= 4th Fleet (Imperial Japanese Navy) =

Fleet of the Imperial Japanese Navy

The 4th Fleet was a fleet of the Imperial Japanese Navy. The Fourth Fleet designation was used during three separate periods. The initial designation was for a group of ships that were assigned to work together during the Russo-Japanese conflict and the period of its immediate aftermath. The second time the designation was used was during the Sino-Japanese conflict, and the third time was as a South Pacific area of command during the middle of the Pacific War.

==History==
===Russo-Japanese War===
First established on June 14, 1905, the 4th Fleet was created after the Battle of Tsushima in the Russo-Japanese War specifically to support and cover the landings of Japanese forces in Sakhalin. Afterwards, it was sent to the United States with the Japanese delegation negotiating the Treaty of Portsmouth ending the war, and was disbanded on December 20, 1905.

===The Fourth Fleet Incident===
The Fourth Fleet was temporarily resurrected during a war game exercise executed in 1935, playing the role of the opposition force under the command of Hajime Matsushita. While participating in field manoeuvres, the Fourth Fleet became caught in extremely foul weather. The weather continued to deteriorate and by 26 September had reached typhoon status. Two of the newer, large Special Type destroyers, Hatsuyuki and Yūgiri, had their bows torn away by the heavy seas. A number of recently built heavy cruisers also suffered significant structural damage. Myōkō, Mogami and the submarine tender Taigei developed serious cracks in their hulls, and the light aircraft-carriers Hōshō and Ryūjō suffered damage to their flight decks and superstructure, with Ryūjō also having her hangar section flooded. The minelayer Itsukushima suffered damage that required several months for extensive repairs, necessitating a near complete rebuild. Nearly all the fleet's destroyers suffered damage to their superstructures, and fifty-four crewmen were lost, swept overboard or killed outright.
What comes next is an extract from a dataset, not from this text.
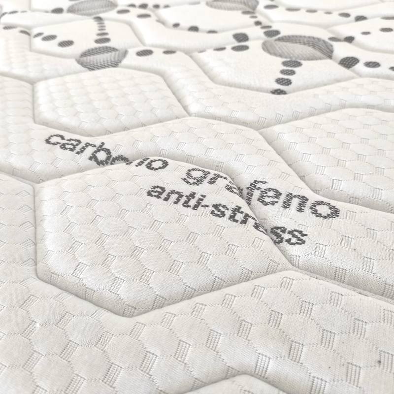 El colchón Grafeno combina muelles ensacados en una funda TST con un muelle interior BOX HR (33 kg/m³) para ofrecer un excelente soporte y durabilidad. La capa superior de tejido elástico y sistema de gel Nano Graphene alivia la presión y crea una superficie cómoda y adaptable. La base ventilada de fibra atérmica 3D garantiza una circulación óptima del aire. El borde transpirable con tecnología Tech Fresh mantiene una temperatura agradable para un sueño reparador.
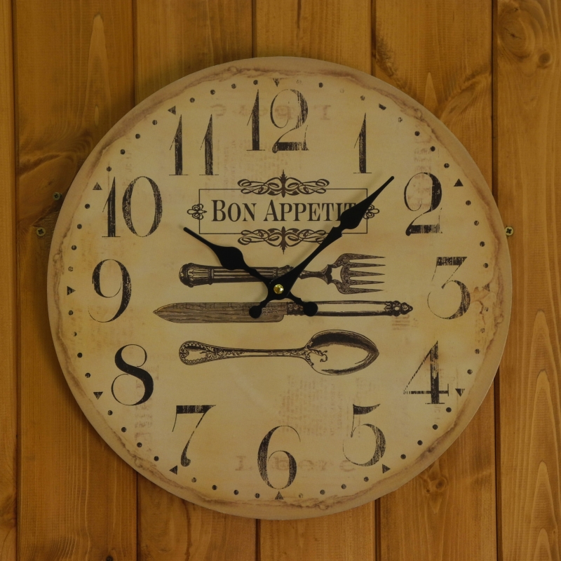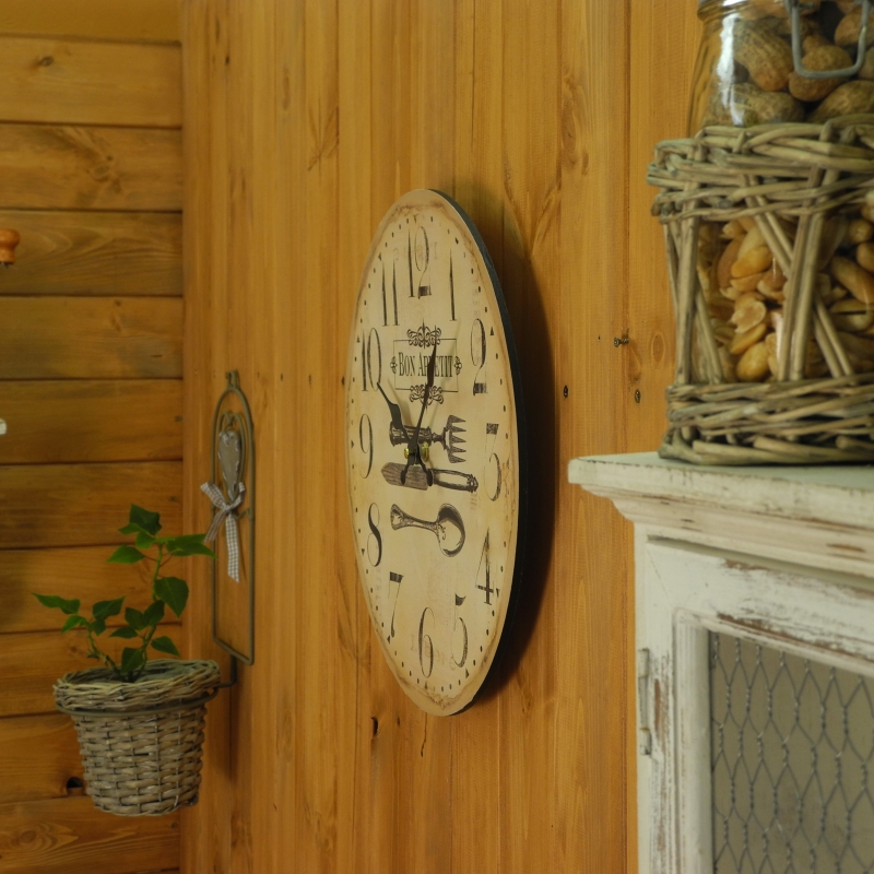 Hodiny nástěnné jsou vyrobené ze dřeva.Jejich průměr je 34cm.Hodiny mají výrazné arabské číslice.Hodí se zejména do kuchyní, bister a restaurací, poněvadž každému, kdo na ně pohlédne, popřejí dobrou chuť, i když francouzsky.Dalším výrazným zdobným prvkem hodin je vymalovaný příborový set.

The Japanese Admiralty held a hearing on the damage suffered by Fourth Fleet in the storm, resulting in recommendations for changes on Japanese warship design and construction. A number of new designs that used heavier guns and taller superstructures were found to be top-heavy, and efforts were made to stabilize these ships by reducing weight above the waterline. In addition, cracks in the hulls of the new cruisers indicated the recently adopted practice of electric welding hull seams was suspect, and the practice was canceled on all new Japanese warship construction. The event was kept a secret from the public.

===Second Sino-Japanese War===
On October 20, 1937, the 4th Fleet was resurrected as part of the emergency reinforcement program for the China Area Fleet after the North China Incident of 1937. The new 4th fleet was based out of Qingdao and assigned to patrol the Bohai Sea and the East China Sea regions. However, unlike the IJN 5th Fleet, the 4th Fleet was never in actual combat. On November 15, 1939, the 4th Fleet was absorbed into the 3rd China Expeditionary Fleet under the overall aegis of the China Area Fleet. Although most of its ships were released for service with the Combined Fleet in the Pacific War a year later, most of the staff for the 4th Fleet remained in China, and were assigned to the Qingdao Base Force for the duration of the war.

===Pacific War===
On the same date that the 4th Fleet was absorbed into the China Area Fleet, a new 4th Fleet was created to provide administrative control over Japanese naval forces in the Japanese-held island territories of the South Pacific (Caroline Islands, Marshall Islands, Mariana Islands, Palau). This third IJN 4th Fleet came under the aegis of the Combined Fleet on November 15, 1940. The operational name of this fleet was the South Seas Force (南洋部隊, Nan'yō butai). With the start of hostilities against the United States, the 4th Fleet was based out of Truk, with a secondary base at Kwajalein. After initial Japanese successes, additional bases were established in the southern Philippines, Guam, Wake Island, Gilbert Islands, eastern New Guinea, Bismarck Archipelago and the Solomon Islands.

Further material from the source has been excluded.